For a polynomial $$g(x)$$ with real coefficients, let mg denote the number of distinct real roots of
$$g(x)$$. Suppose 𝑆 is the set of polynomials with real coefficients defined by

$$S = \left\{(x^{2} − 1)^{2}(a_{0} + a_{1}x + a_{2}x^{2} + a_{3}x^{3}) ∶ a_{0}, a_{1}, a_{2}, a_{3} \epsilon R\right\}$$.

For a polynomial f, let $$f{'}$$ and $$f {'}{'}$$ denote its first and second order derivatives, respectively.
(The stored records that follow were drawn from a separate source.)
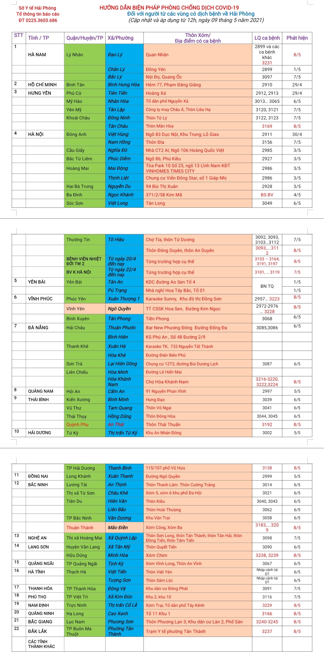 . Mọi người dân thực hiện 5K theo khuyến cáo của Bộ Y tế. Thực hiện công văn số 2803//UBND-VX ngày 30/4/2021; Thông báo số 164/TB-UBND ngày 5/5/2021, Công văn số 2928/UBND-VX ngày 8/5/2021 của UBND TP Hải Phòng.
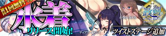 「政剣マニフェスティア」8月17日に政霊「キララ・タナカ」「ティアラ・イヌカイ」の水着コスチューム適用可能化を含むアップデートを実施
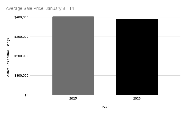 Saskatoon REALTORS® reported 38 residential sales during the second full week of January, down from 45 sales over the same period in 2025. While sales activity softened year over year, this decline aligns with typical seasonal patterns seen in early winter market conditions.
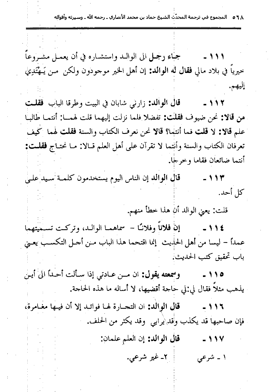 112ـ قال الوالد: زارني شابان في البيت وطرقا الباب فقلت من قالا: نحن ضيوف فقلت: تفضلا فلما نزلت إليهما قلت لهما: أنتما طالبا علم قالا: لا قلت فما أنتما؟ قالا نحن نعرف الكتاب والسنة فقلت لهما كيف تعرفان الكتاب والسنة وأنتما لا تقرآن على أهل العلم قالا: ما نحتاج فقلت: أنتما ضائعان فقاما وخرجا.
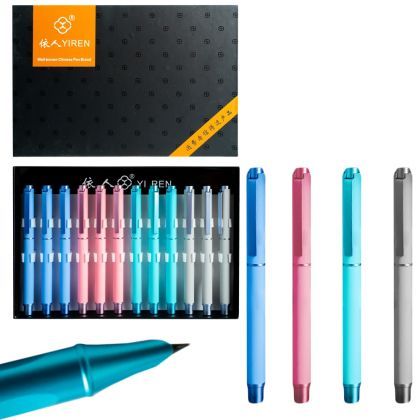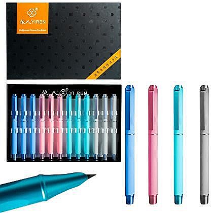 - Produsul este ambalat la set de 12 stilouri (culori: violet, roz, turcoaz, gri), in cutie din carton.
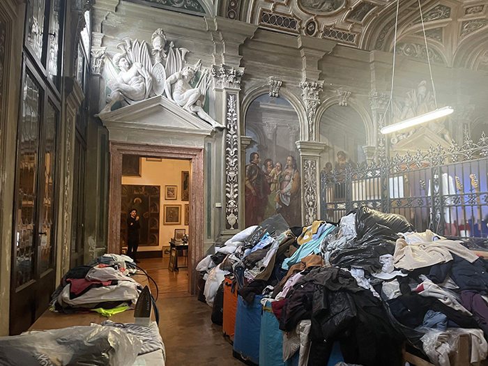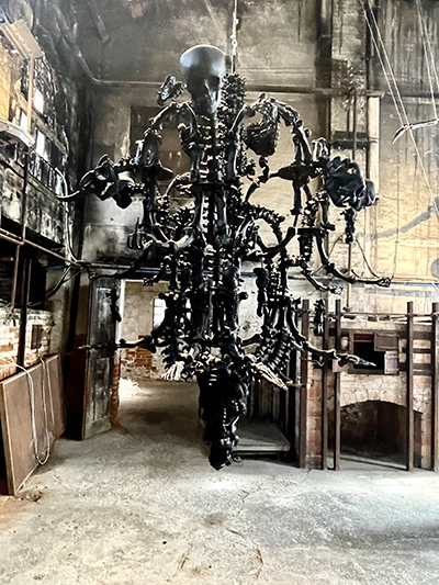 Christoph Büchel a réalisé une gigantesque installation envahissant un immense palais du Grand Canal, juste en face de celui de Pinault. Il a reconstitué avec les moyens de Prada un mont de piété entassant un nombre incroyable d’objets de toutes sortes au delà du vraisemblable. Il a dû vider plusieurs dépôts d’objets périmés alentours pour arriver à remplir ce palais dont on peut voir de beaux restes : fresques, sculptures, portes, escalier d’apparat, sorties sur les canaux.
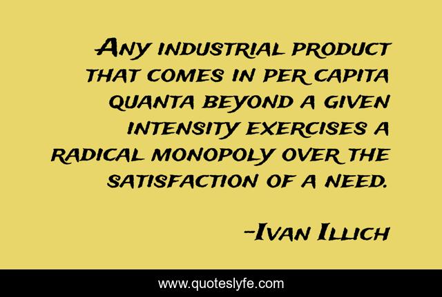 This page presents the quote "Any industrial product that comes in per capita quanta beyond a given intensity exercises a radical monopoly over the satisfaction of a need.". Author of this quote is Ivan Illich. .

Then the minimum possible value of $$(m_{f{'}} + m_{f{'}{'}})$$, where $$f \epsilon S$$, is _____

Let $$f(x)= (x^{2}-1)^{2}\,P(x)$$ where $$P(x)=a_{0}+a_{1}x+a_{2}x^{2}+a_{3}x^{3}$$ and the coefficients are real.

Step 1: Mandatory real zeros of $$f$$, $$f'$$.
Because of the factor $$(x^{2}-1)^{2}$$ we have $$f(-1)=f(1)=0$$, and the multiplicity of each root is $$2$$. For a root of multiplicity $$k\;(\ge 2)$$ of $$f$$, the derivative $$f'$$ has the same root with multiplicity $$k-1$$. Therefore $$x=-1$$ and $$x=1$$ are simple (multiplicity 1) zeros of $$f'$$. Thus $$f'$$ already has at least the two distinct real roots $$-1$$ and $$1$$.

Step 2: One more root of $$f'$$ inside $$(-1,1)$$.
Since $$f(-1)=f(1)=0$$ and $$-1\neq 1$$, Rolle’s theorem guarantees the existence of some $$c\in(-1,1)$$ with $$f'(c)=0$$. This root $$c$$ is different from $$\pm1$$, hence
$$m_{f'}\ge 3\;.$$ So no matter how we choose the coefficients of $$P(x)$$, $$f'$$ must possess at least three distinct real zeros.

Step 3: At least two real zeros of $$f''$$.
Arrange the three distinct real roots of $$f'$$ in ascending order: $$-1 \lt c \lt 1.$$ Apply Rolle’s theorem again, now to $$f'$$ on the intervals $$[-1,c]$$ and $$[c,1]$$. Because $$f'(-1)=f'(c)=0$$, there exists $$\alpha\in(-1,c)$$ with $$f''(\alpha)=0$$; similarly, $$f'(c)=f'(1)=0$$ gives a $$\beta\in(c,1)$$ with $$f''(\beta)=0$$. These $$\alpha,\beta$$ are distinct, so
$$m_{f''}\ge 2.$$ Thus every polynomial $$f\in S$$ satisfies $$m_{f'}+m_{f''}\ge 3+2 = 5.$$ This establishes the lower bound.

Step 4: A polynomial that attains the bound.
Choose the simplest possibility $$P(x)=1$$, i.e. $$f(x)=(x^{2}-1)^{2}$$.

Compute the derivatives:
$$f'(x)=4x(x^{2}-1)=4x^{3}-4x,$$
so $$f'(x)=0$$ at $$x=-1,\,0,\,1.$$ Hence $$m_{f'}=3.$$

Next,
$$f''(x)=12x^{2}-4=4(3x^{2}-1),$$
and $$f''(x)=0$$ at $$x=\pm\frac1{\sqrt3}.$$ Therefore $$m_{f''}=2.$$

This example achieves $$m_{f'}+m_{f''}=3+2=5,$$ exactly the lower bound found in Step 3. Hence the minimum possible value of $$(m_{f'}+m_{f''})$$ for polynomials in the set $$S$$ is $$\boxed{5}$$.